Commit Graph

230 Commits

Author SHA1 Message Date
Pablo Neira Ayuso 4843b93c96 netlink: invert error code in netlink_set_err()
The callers of netlink_set_err() currently pass a negative value
as parameter for the error code. However, sk->sk_err wants a
positive error value. Without this patch, skb_recv_datagram() called
by netlink_recvmsg() may return a positive value to report an error.

Another choice to fix this is to change callers to pass a positive
error value, but this seems a bit inconsistent and error prone
to me. Indeed, the callers of netlink_set_err() assumed that the
(usual) negative value for error codes was fine before this patch :).

This patch also includes some documentation in docbook format
for netlink_set_err() to avoid this sort of confusion.

Signed-off-by: Pablo Neira Ayuso <pablo@netfilter.org>
Signed-off-by: David S. Miller <davem@davemloft.net>
2009-03-03 23:37:30 -08:00
Wei Yongjun 91744f6559 netlink: remove some pointless conditionals before kfree_skb()
Remove some pointless conditionals before kfree_skb().

Signed-off-by: Wei Yongjun <yjwei@cn.fujitsu.com>
Signed-off-by: David S. Miller <davem@davemloft.net>
2009-02-26 23:07:34 -08:00
Pablo Neira Ayuso 1ce85fe402 netlink: change nlmsg_notify() return value logic
This patch changes the return value of nlmsg_notify() as follows:

If NETLINK_BROADCAST_ERROR is set by any of the listeners and
an error in the delivery happened, return the broadcast error;
else if there are no listeners apart from the socket that
requested a change with the echo flag, return the result of the
unicast notification. Thus, with this patch, the unicast
notification is handled in the same way of a broadcast listener
that has set the NETLINK_BROADCAST_ERROR socket flag.

This patch is useful in case that the caller of nlmsg_notify()
wants to know the result of the delivery of a netlink notification
(including the broadcast delivery) and take any action in case
that the delivery failed. For example, ctnetlink can drop packets
if the event delivery failed to provide reliable logging and
state-synchronization at the cost of dropping packets.

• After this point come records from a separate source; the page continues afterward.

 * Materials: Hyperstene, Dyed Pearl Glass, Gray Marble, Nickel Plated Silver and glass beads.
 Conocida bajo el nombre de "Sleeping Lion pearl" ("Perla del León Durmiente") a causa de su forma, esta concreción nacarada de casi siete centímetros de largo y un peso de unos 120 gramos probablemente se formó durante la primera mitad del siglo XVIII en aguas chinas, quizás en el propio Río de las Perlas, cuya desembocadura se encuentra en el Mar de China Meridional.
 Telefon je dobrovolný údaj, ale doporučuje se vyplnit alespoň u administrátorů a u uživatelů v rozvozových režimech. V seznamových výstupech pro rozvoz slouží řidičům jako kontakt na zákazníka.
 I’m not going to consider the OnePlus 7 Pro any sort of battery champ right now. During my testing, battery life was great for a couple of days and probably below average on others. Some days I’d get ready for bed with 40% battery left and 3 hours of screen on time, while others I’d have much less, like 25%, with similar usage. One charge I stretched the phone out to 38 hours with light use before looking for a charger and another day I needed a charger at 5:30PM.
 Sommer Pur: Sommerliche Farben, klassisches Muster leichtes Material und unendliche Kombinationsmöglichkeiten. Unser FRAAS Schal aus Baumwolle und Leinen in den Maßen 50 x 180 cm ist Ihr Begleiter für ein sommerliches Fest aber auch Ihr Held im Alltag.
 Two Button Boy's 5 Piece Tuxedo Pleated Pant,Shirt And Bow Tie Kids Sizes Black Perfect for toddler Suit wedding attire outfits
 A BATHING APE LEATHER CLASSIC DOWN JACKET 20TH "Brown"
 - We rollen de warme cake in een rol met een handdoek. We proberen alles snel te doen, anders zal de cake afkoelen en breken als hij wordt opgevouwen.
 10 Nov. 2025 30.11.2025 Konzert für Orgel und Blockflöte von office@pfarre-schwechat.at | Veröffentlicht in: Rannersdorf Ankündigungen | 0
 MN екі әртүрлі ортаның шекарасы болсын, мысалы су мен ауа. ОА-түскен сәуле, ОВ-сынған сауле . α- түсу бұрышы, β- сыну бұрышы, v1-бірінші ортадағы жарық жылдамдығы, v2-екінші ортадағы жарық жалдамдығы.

This patch also modifies the rtnetlink code to ignore the return
value of rtnl_notify() in all callers. The function rtnl_notify()
(before this patch) returned the error of the unicast notification
which makes rtnl_set_sk_err() reports errors to all listeners. This
is not of any help since the origin of the change (the socket that
requested the echoing) notices the ENOBUFS error if the notification
fails and should resync itself.

Signed-off-by: Pablo Neira Ayuso <pablo@netfilter.org>
Acked-by: Patrick McHardy <kaber@trash.net>
Signed-off-by: David S. Miller <davem@davemloft.net>
2009-02-24 23:18:28 -08:00
Pablo Neira Ayuso be0c22a46c netlink: add NETLINK_BROADCAST_ERROR socket option
This patch adds NETLINK_BROADCAST_ERROR which is a netlink
socket option that the listener can set to make netlink_broadcast()
return errors in the delivery to the caller. This option is useful
if the caller of netlink_broadcast() do something with the result
of the message delivery, like in ctnetlink where it drops a network
packet if the event delivery failed, this is used to enable reliable
logging and state-synchronization. If this socket option is not set,
netlink_broadcast() only reports ESRCH errors and silently ignore
ENOBUFS errors, which is what most netlink_broadcast() callers
should do.

This socket option is based on a suggestion from Patrick McHardy.
Patrick McHardy can exchange this patch for a beer from me ;).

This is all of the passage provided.